-- WHAT THE EXERCISE ASKS --
Skip the pictures and write out, word for word, the lines below from the one with "KCL India Society" through the one with "холодного воздуха |", inclusive.

+++ DATA FOR REVIEW +++

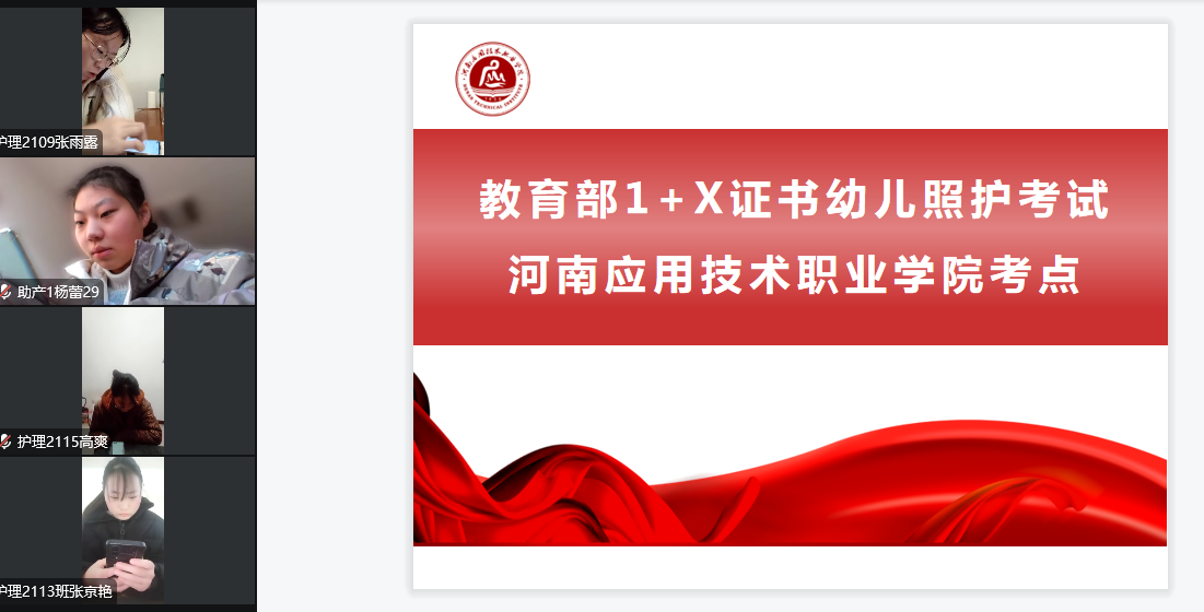 2022年12月18日,河南应用技术职业学院护理学院承接的教育部1+X证书幼儿照护考试在线上举行,本次有75名护理及助产专业在校学生参加。考试在各部门领导高度的重视下,监考老师的严格考评中,督导员的全程监察下圆满落下帷。
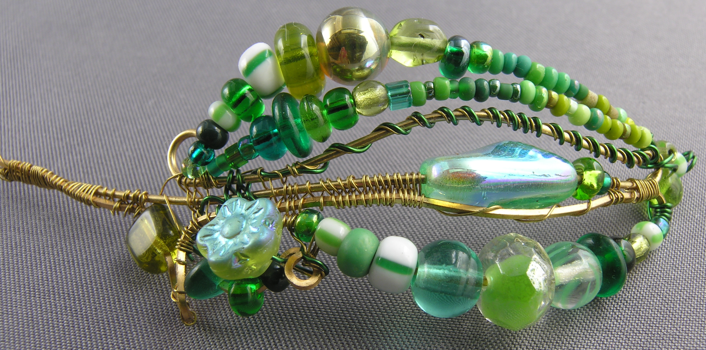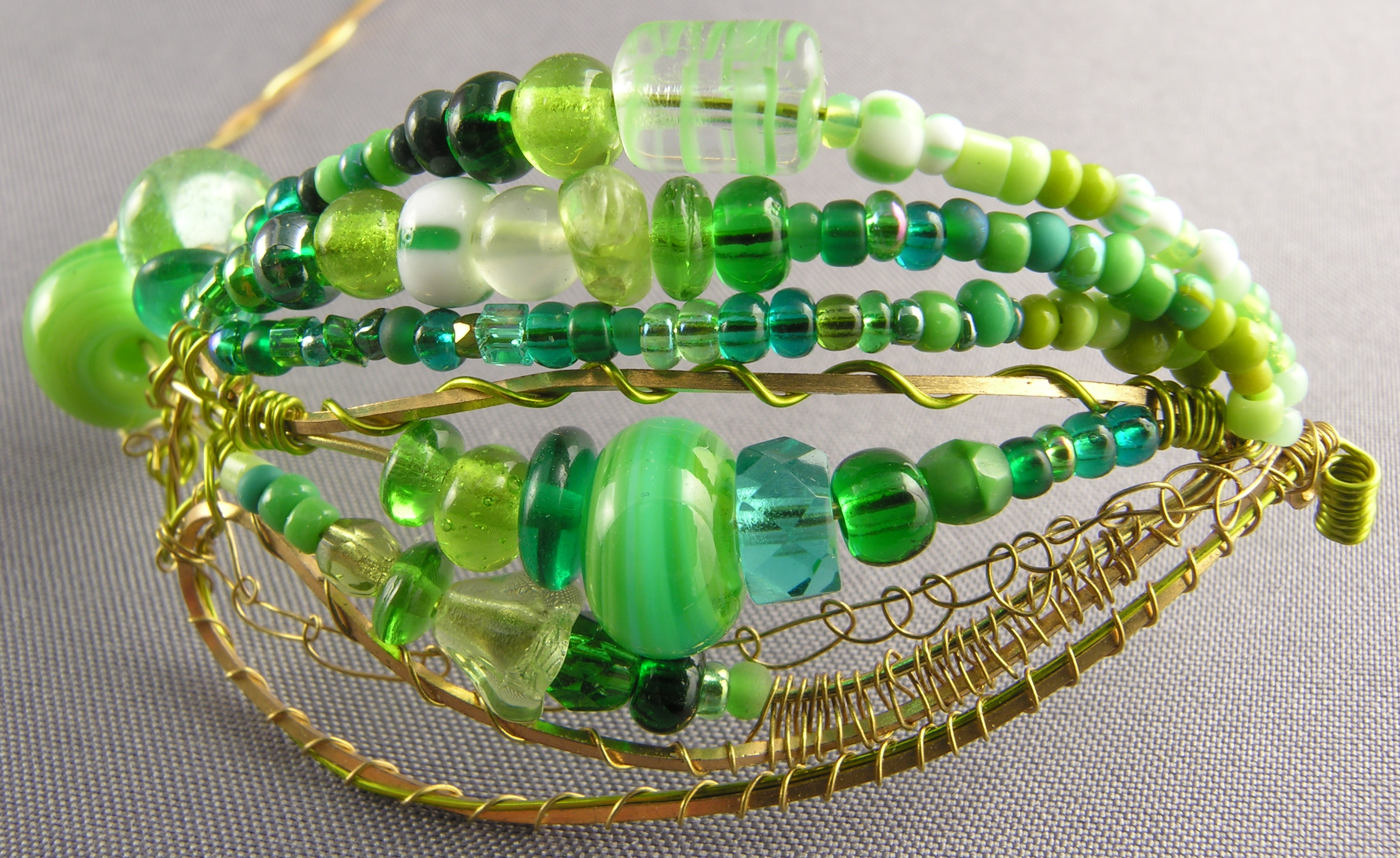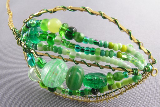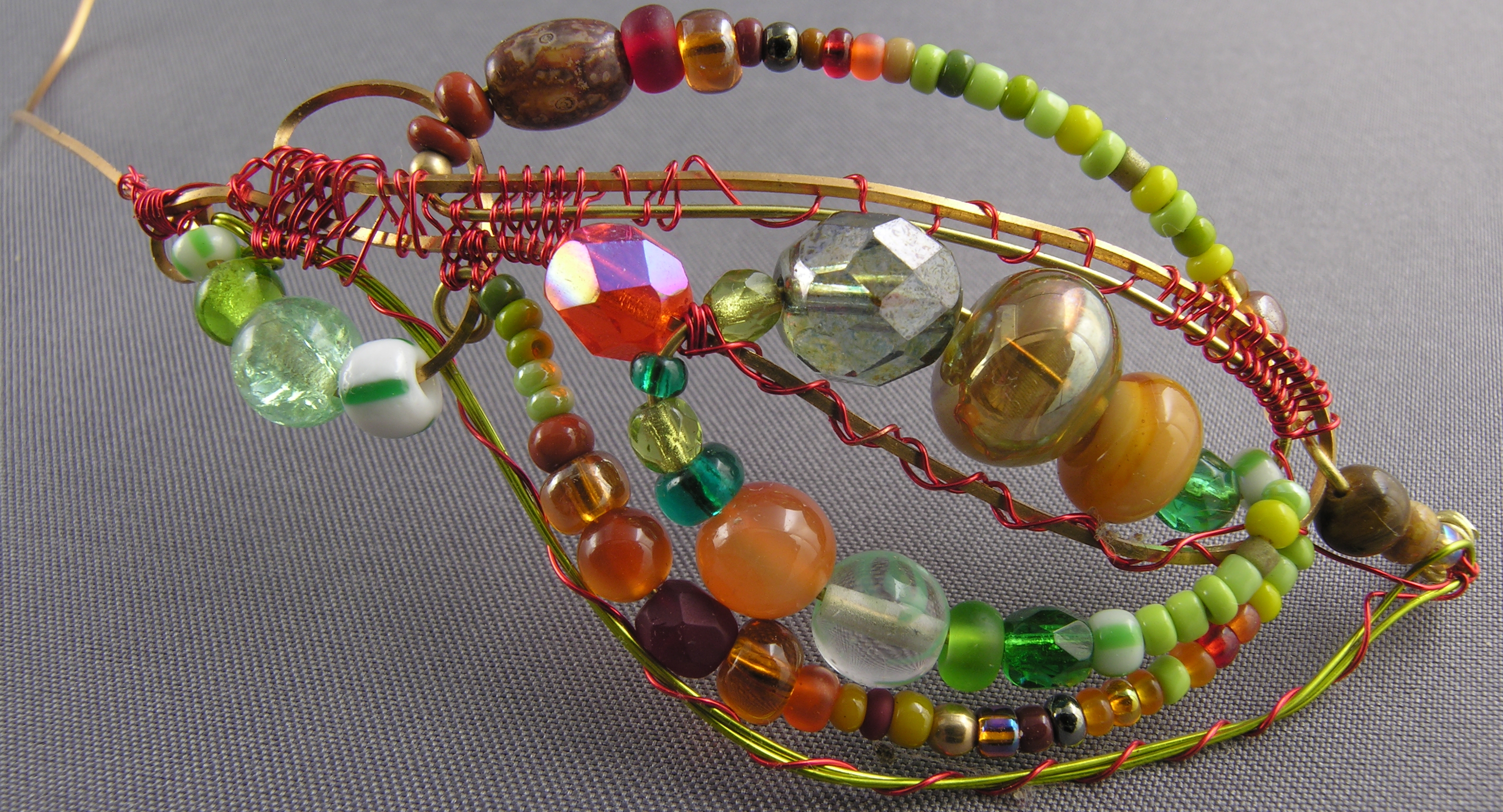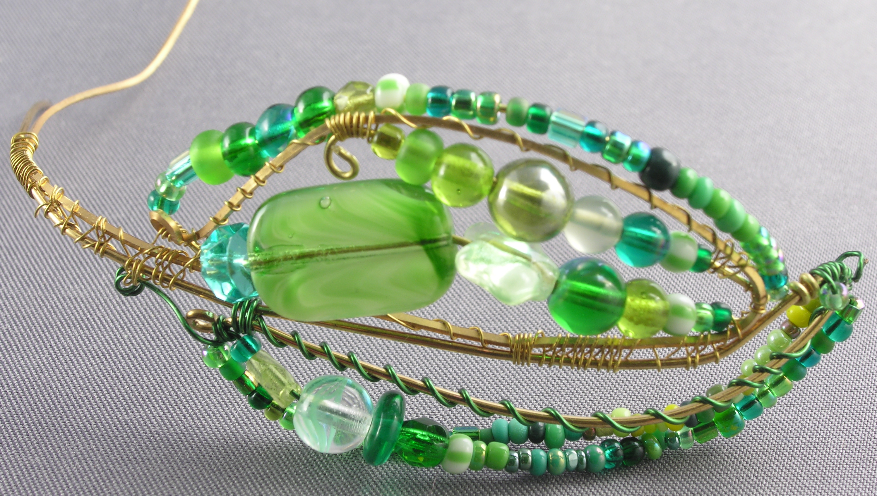 34x53mm, largest (artist made) 8x10 stripey hollow. Emerald green coated copper and brass wire, overall length, about 7”. Spring/summer 2008.
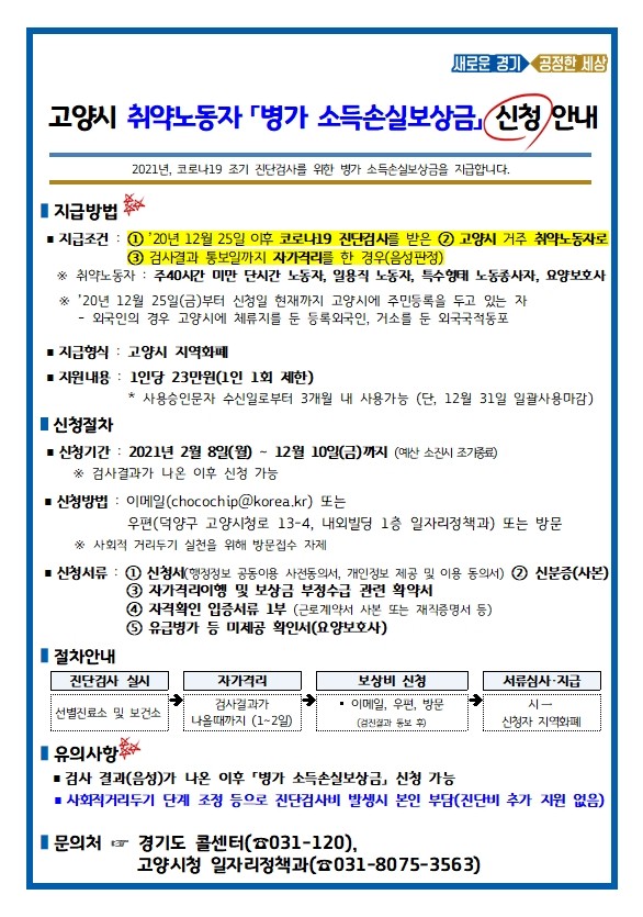 [부자동네타임즈 김인수기자] 고양시가 취약계층 노동자가 생계 걱정 없이 코로나19 조기 진단검사를 받을 수 있도록 2021년 병가소득 손실보상금 지원사업을 확대 시행한다.
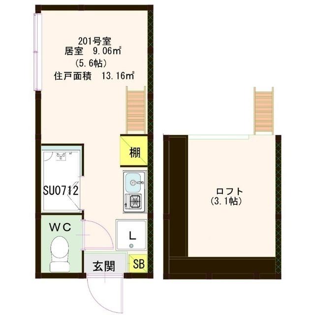 | 間取り | ワンルーム | 専有面積 | 13.16m2 |
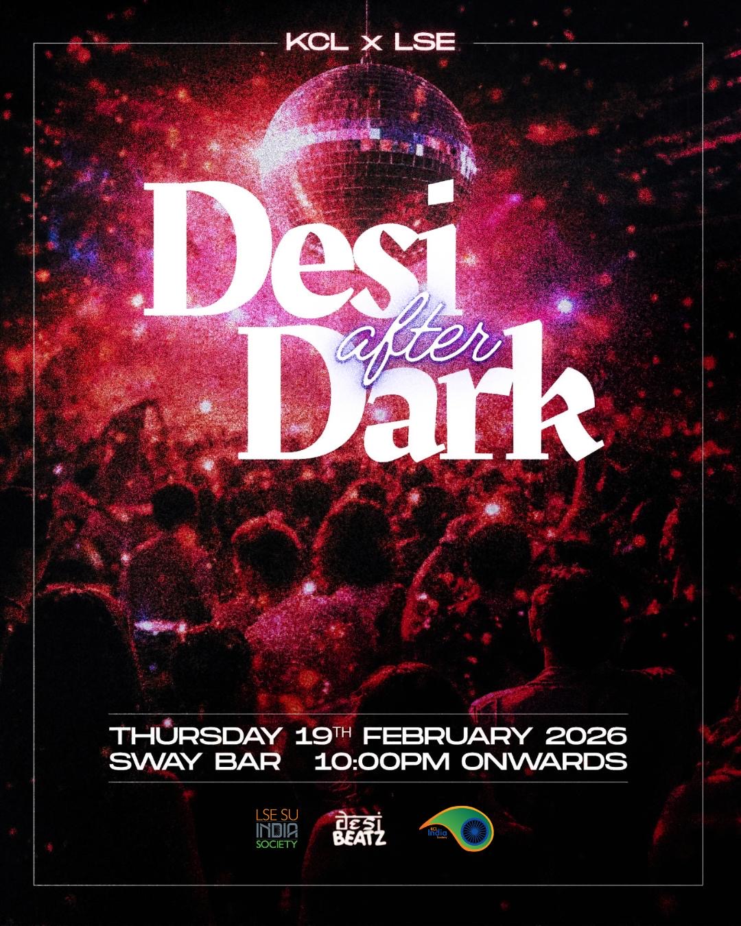 KCL India Society presents the third instalment of its very own club night : Desi After Dark- playing the best in Bollywood all night long - this is going to be an unforgettable night!
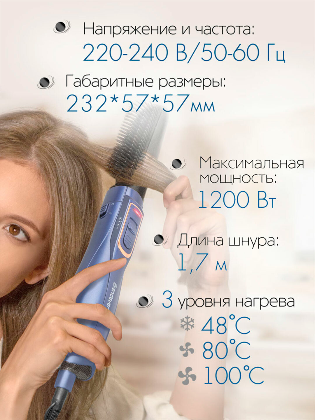 | Дополнительные функции | автоматическое вращение насадки, подача холодного воздуха |
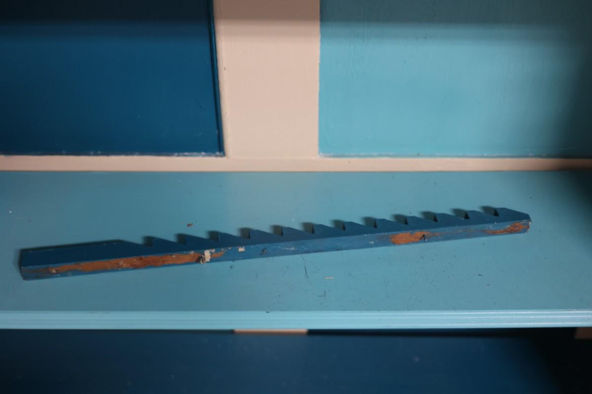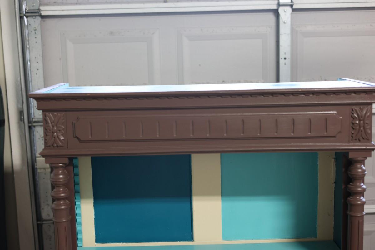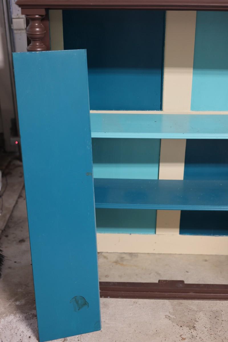 One shelf holder on the top right side needs to be glued back on. The wood on the bottoms isn't attached.

+++

-- TASK RESPONSE --
 KCL India Society presents the third instalment of its very own club night : Desi After Dark- playing the best in Bollywood all night long - this is going to be an unforgettable night!
 | Дополнительные функции | автоматическое вращение насадки, подача холодного воздуха |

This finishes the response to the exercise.